__Source data__.
****
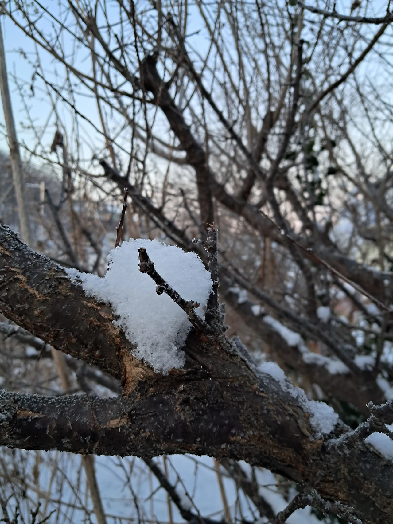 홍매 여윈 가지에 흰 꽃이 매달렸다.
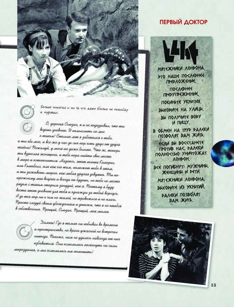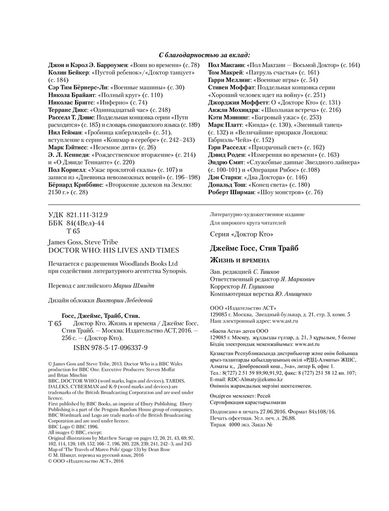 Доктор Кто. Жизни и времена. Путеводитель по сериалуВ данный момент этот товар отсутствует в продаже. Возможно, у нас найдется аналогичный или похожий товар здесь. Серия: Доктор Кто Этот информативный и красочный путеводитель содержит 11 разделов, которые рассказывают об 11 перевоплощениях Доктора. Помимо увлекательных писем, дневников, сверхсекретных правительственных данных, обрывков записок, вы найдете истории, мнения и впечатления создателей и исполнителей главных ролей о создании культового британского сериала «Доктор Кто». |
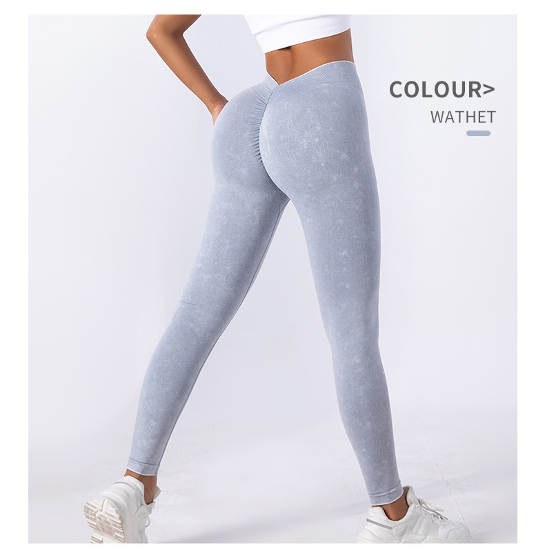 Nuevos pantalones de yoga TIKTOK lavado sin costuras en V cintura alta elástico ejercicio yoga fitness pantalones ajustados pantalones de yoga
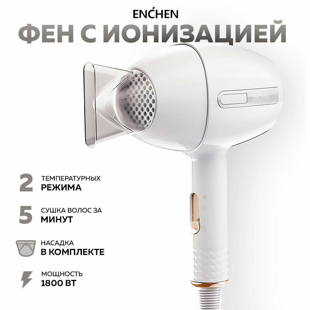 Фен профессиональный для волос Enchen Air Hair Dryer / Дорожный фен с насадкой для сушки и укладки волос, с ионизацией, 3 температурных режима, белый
****
Your answer must be the lines above from the one holding "Доктор Кто. Жизни" up to and including the one holding "Nuevos pantalones de", exact and with no pictures.

 Доктор Кто. Жизни и времена. Путеводитель по сериалуВ данный момент этот товар отсутствует в продаже. Возможно, у нас найдется аналогичный или похожий товар здесь. Серия: Доктор Кто Этот информативный и красочный путеводитель содержит 11 разделов, которые рассказывают об 11 перевоплощениях Доктора. Помимо увлекательных писем, дневников, сверхсекретных правительственных данных, обрывков записок, вы найдете истории, мнения и впечатления создателей и исполнителей главных ролей о создании культового британского сериала «Доктор Кто». |
 Nuevos pantalones de yoga TIKTOK lavado sin costuras en V cintura alta elástico ejercicio yoga fitness pantalones ajustados pantalones de yoga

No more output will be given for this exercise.